My first line of action is to reassure them that it’s normal and more common than they think. It’s not something that’s discussed in Cosmo and Vogue, but it’s a line of thought that’s alive and well in the psyches of thousands of women and men. My second line of conversation is to begin to break down the flimsy definition of attraction that our culture propagates. Because our culture is obsessed with image, we define beauty only as what is apparent to the camera’s eye. It’s skin-deep, or less than skin-deep if you consider the amount of makeup, airbrushing, and photoshopping that is involved in creating a magazine photo. We carry this definition of beauty into our intimate relationships and assess our partners through this lens. We may consciously say, “I don’t expect him/her to look like a magazine photo,” but we nevertheless define attraction by the superficial criteria that we’ve absorbed since birth. How can we do otherwise? Cultural conditioning runs deep and it’s only with a great deal of awareness that we can re-wire these habitual ways of seeing.

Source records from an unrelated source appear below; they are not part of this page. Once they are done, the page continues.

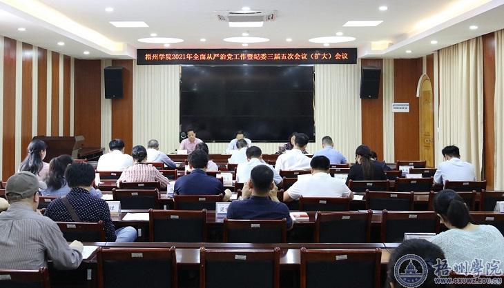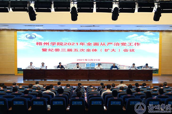 3月31日上午,学校召开2021年全面从严治党工作暨纪委三届五次全体(扩大)会议。全体校领导出席会议。会议由学校党委常委、纪委书记梁业华主持。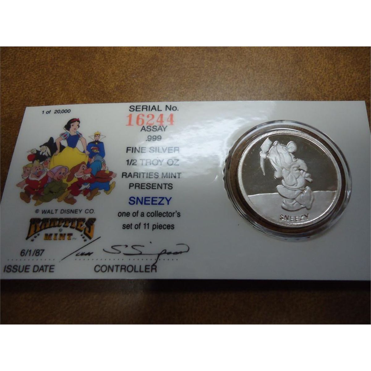 1/2 OZ. DISNEY .999 SILVER ROUND "SNEEZY" PROOF
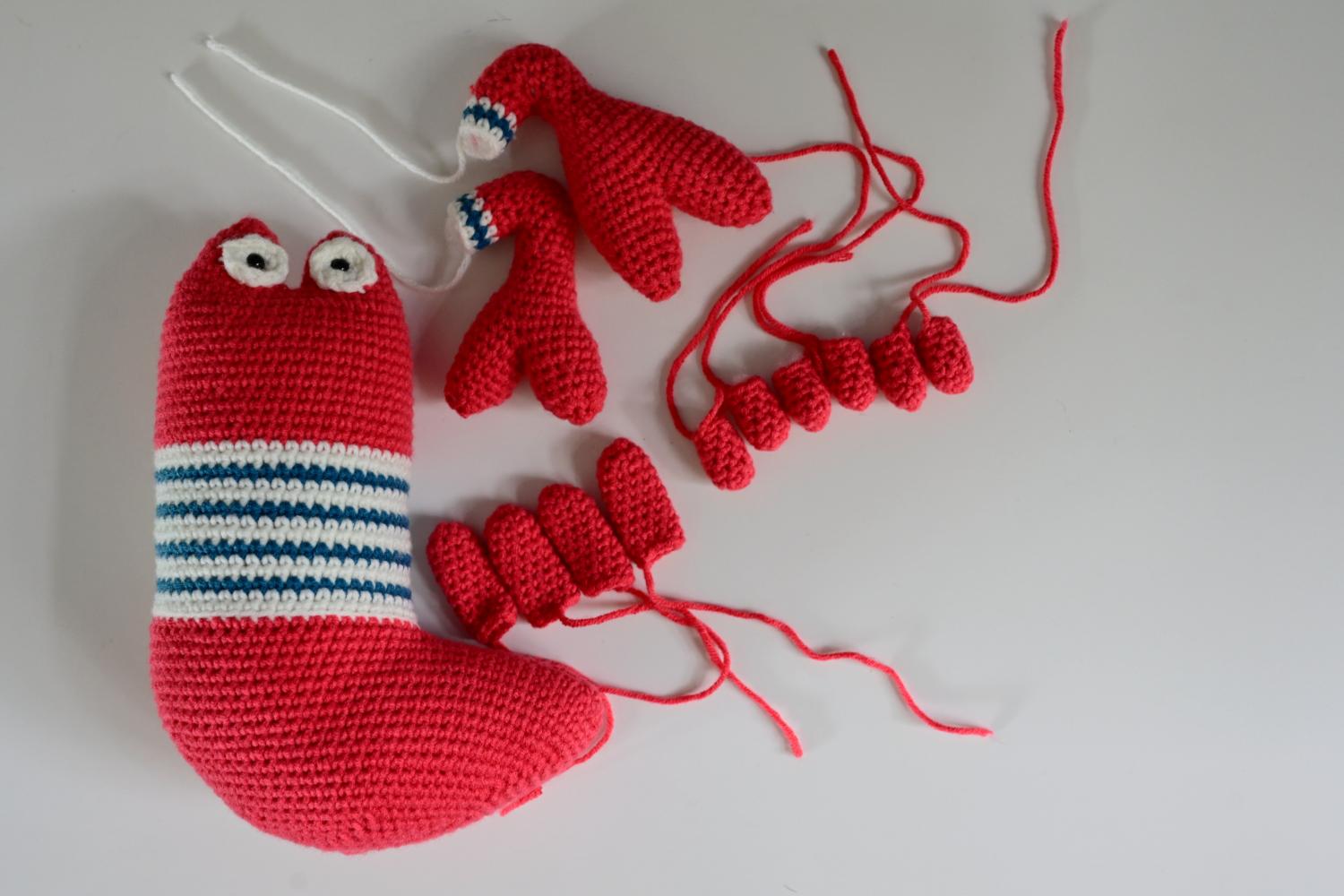 腿有六只,也是同样大小,钩好后一一缝合到身体的下部,一边缝一边找平衡,这一点很重要,因为要保证龙虾能有个漂亮的站姿。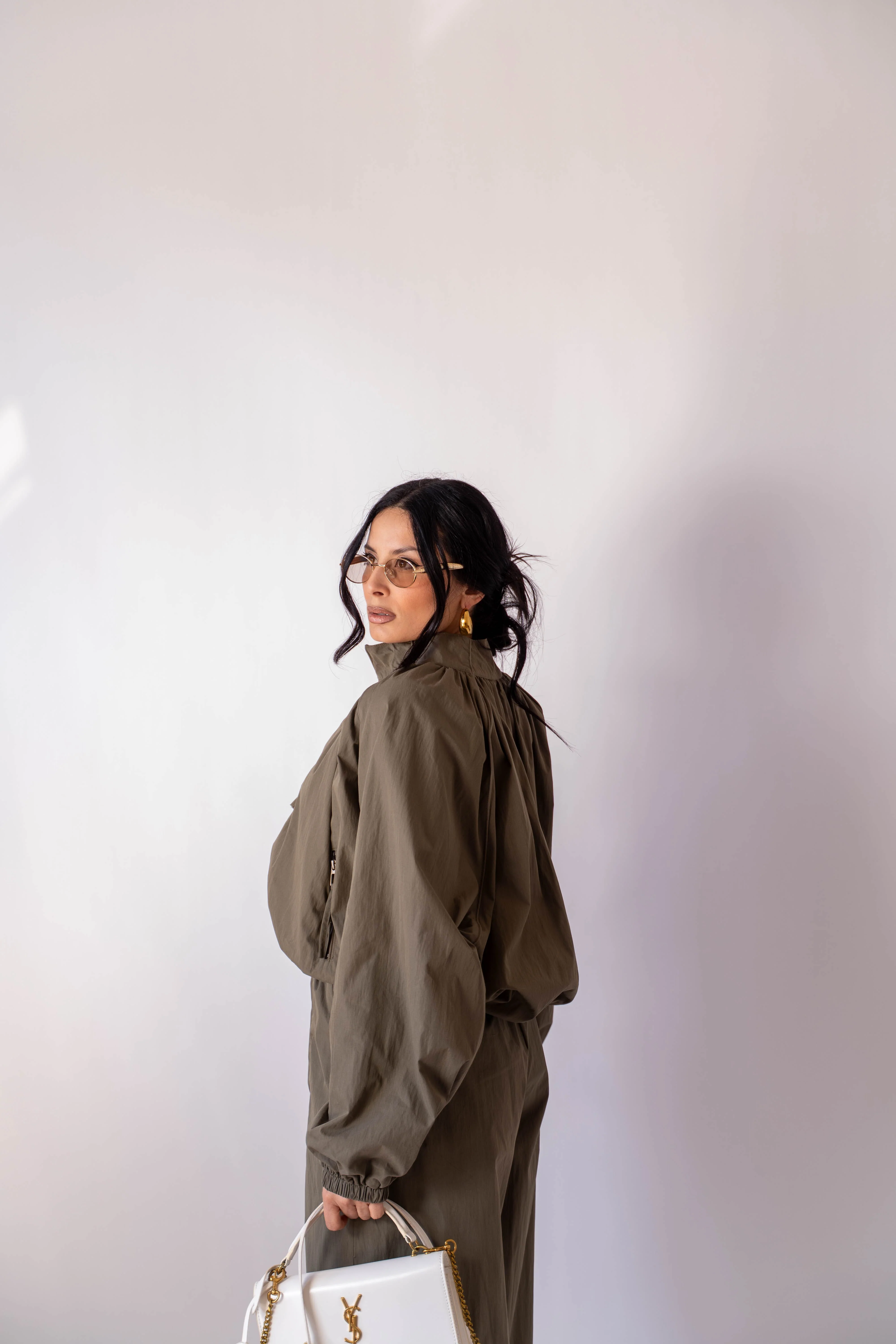 Pantalone con elastico in vita, giubbotto con elastico in vita.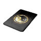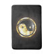 Jewellery, gold and black yin yang symbol on a black background. Gold yin yang.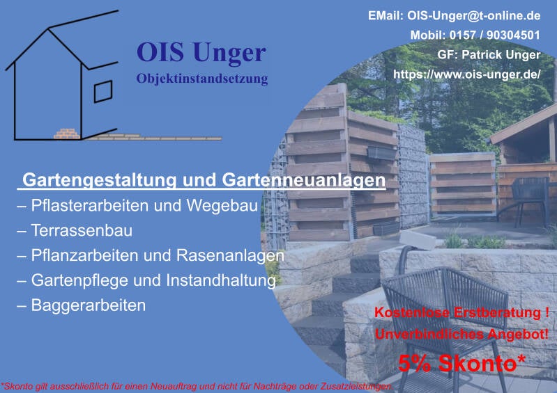 OIS Unger ist Ihr professioneller Partner für alle Arbeiten rund ums Haus. Wir bieten Ihnen kompetente Lösungen für Ihren Garten und Ihr Zuhause. Entdecken Sie jetzt unsere vielfältigen Dienstleistungen!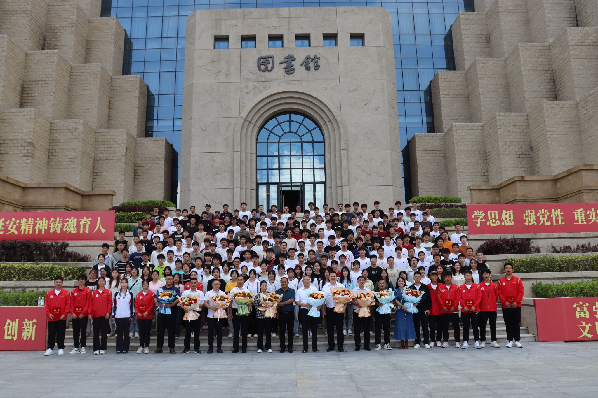 全体院领导为2023级导航学长颁发了聘书,为新生代表佩戴校徽。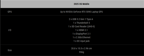 XG Mobile 2025配备了HDMI 2.1和DisplayPort 2.1接口,支持连接两台显示器,同时还提供了两个10Gbps的USB-A端口、一个SD卡读卡器以及5Gbps的以太网接口。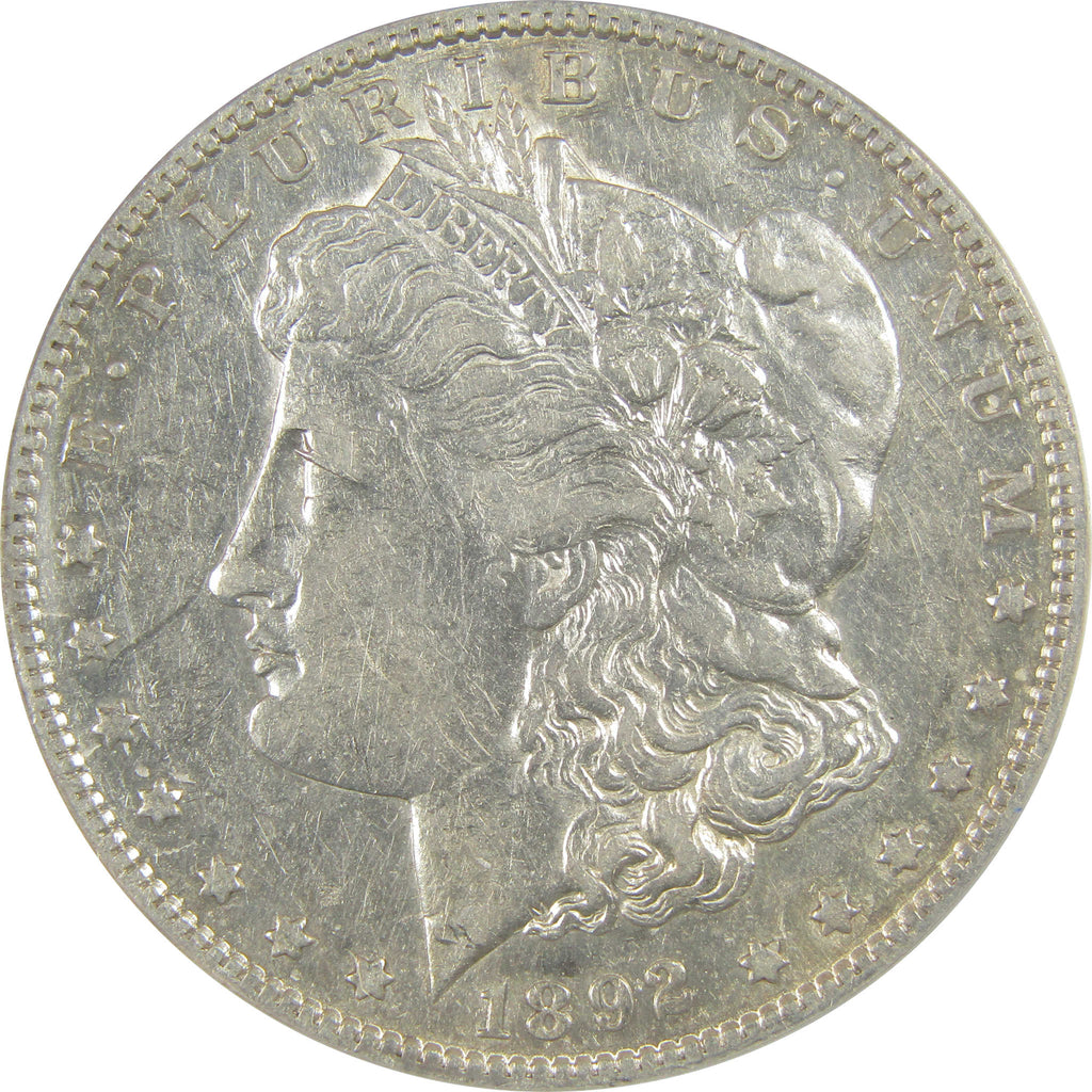 A genuine 1892 S Morgan Silver Dollar Coin, graded and certified EF 40 Details by ANACS. Contains 90% Silver. Scratched, Cleaned
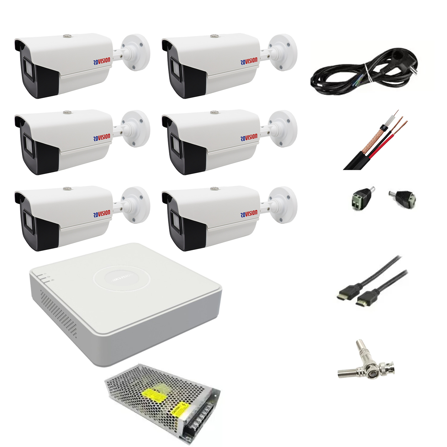 Alege un kit supraveghere exterior complet, potrivit pentru protejarea locuintei, curtii, spatiilor comerciale sau a halelor. Sistemul include 6 camere de supraveghere 2MP pentru exterior, cu iluminare infrarosu de pana la 40 metri, plus DVR Hikvision cu 8 canale pentru inregistrare stabila si administrare usoara. Este o solutie practica pentru cei care vor un sistem gata de montaj, cu accesorii incluse.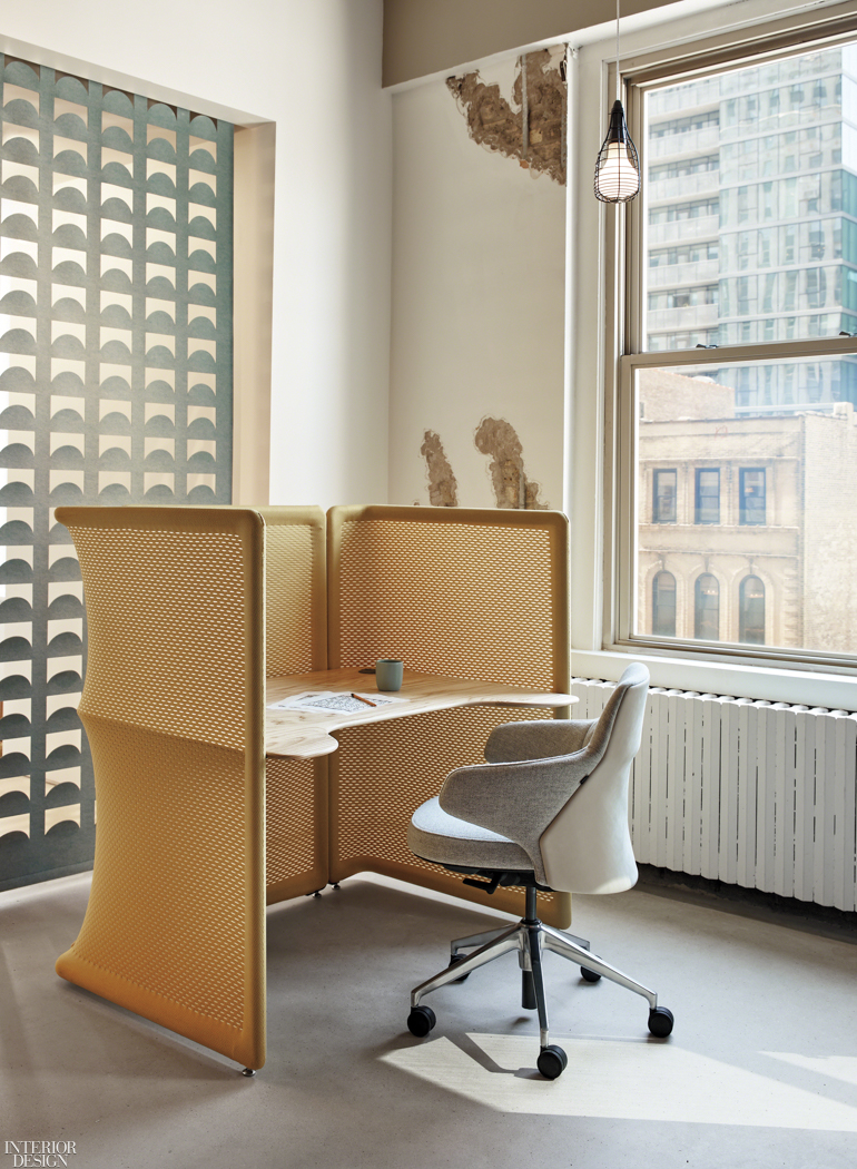 鹤立鸡群:编织隐私屏幕是这款小巧的“聚焦角落”的标志,它集成了电源和电线管理,是这位法国设计师对工作场所分心的优雅回应。

Over the years I’ve worked with many men who struggled with the attraction issue. In fact, whereas women tend to focus on a variety of spikes from intelligence to social fluency, when relationship anxiety hits for a man it almost always focuses on some aspect of their partner’s physical appearance (often in addition to other spikes); skin, nose, butt, breasts, hair, and “she’s not my type” are common areas where the projection focuses. And then men almost invariably say the same thing to me: “But isn’t attraction extremely important? After all, men are more visual than women and if I don’t find my partner attractive now, what’s going to happen in five or ten years? How can I move forward with someone I don’t find attractive?”
The “men are more visual than women” is a massive and compelling hook for men. They bring up the biology argument (men are biologically wired to pair with a woman they find attractive). They bring up the sex argument (men can’t get aroused unless they’re wildly attracted to their partner). They try to convince me that my work might apply to women but it doesn’t apply to men. Luckily, I never buy it. Projection is projection and, while I understand that we live in a highly visual culture that conditions men (and women) from an early age to place physical appearance at the top of the partner criteria list, and while I understand that relationship anxiety tends to latch onto our most vulnerable areas, which, for men, is often around conversely linking the physical attractiveness partner with their own self-worth, what I’ve seen over and over again is that when men engage in their inner work and apply the tools that I teach to their anxiety, they’re able to break through the attraction spike just as effectively as women break through any of their spikes.
The problem with all of these arguments is that they’re still taking the attraction spike at face value. In other words, as long as you believe that your lack of attraction is only about physical appearance instead of an alarm bell pointing to your own insecurities, faulty beliefs, old pain (especially around partnership), and unmet needs, you’ll remain fixated on the wrong topic and your anxiety – and lack of attraction – will continue.
When men trade in the magnifying glass for a mirror and begin to turn inward to face their own inner demons that need attention, things start to shift. My readership is now filled with hundreds of men who were able to break through the attraction spike and are able to show up in all ways for their loving, committed, devoted, loyal partners. It’s hard work, but it’s worth every minute, for in the end, they’re able to embrace what we’re all longing for: to share loving partnership, to open our hearts to another human, to love and be loved.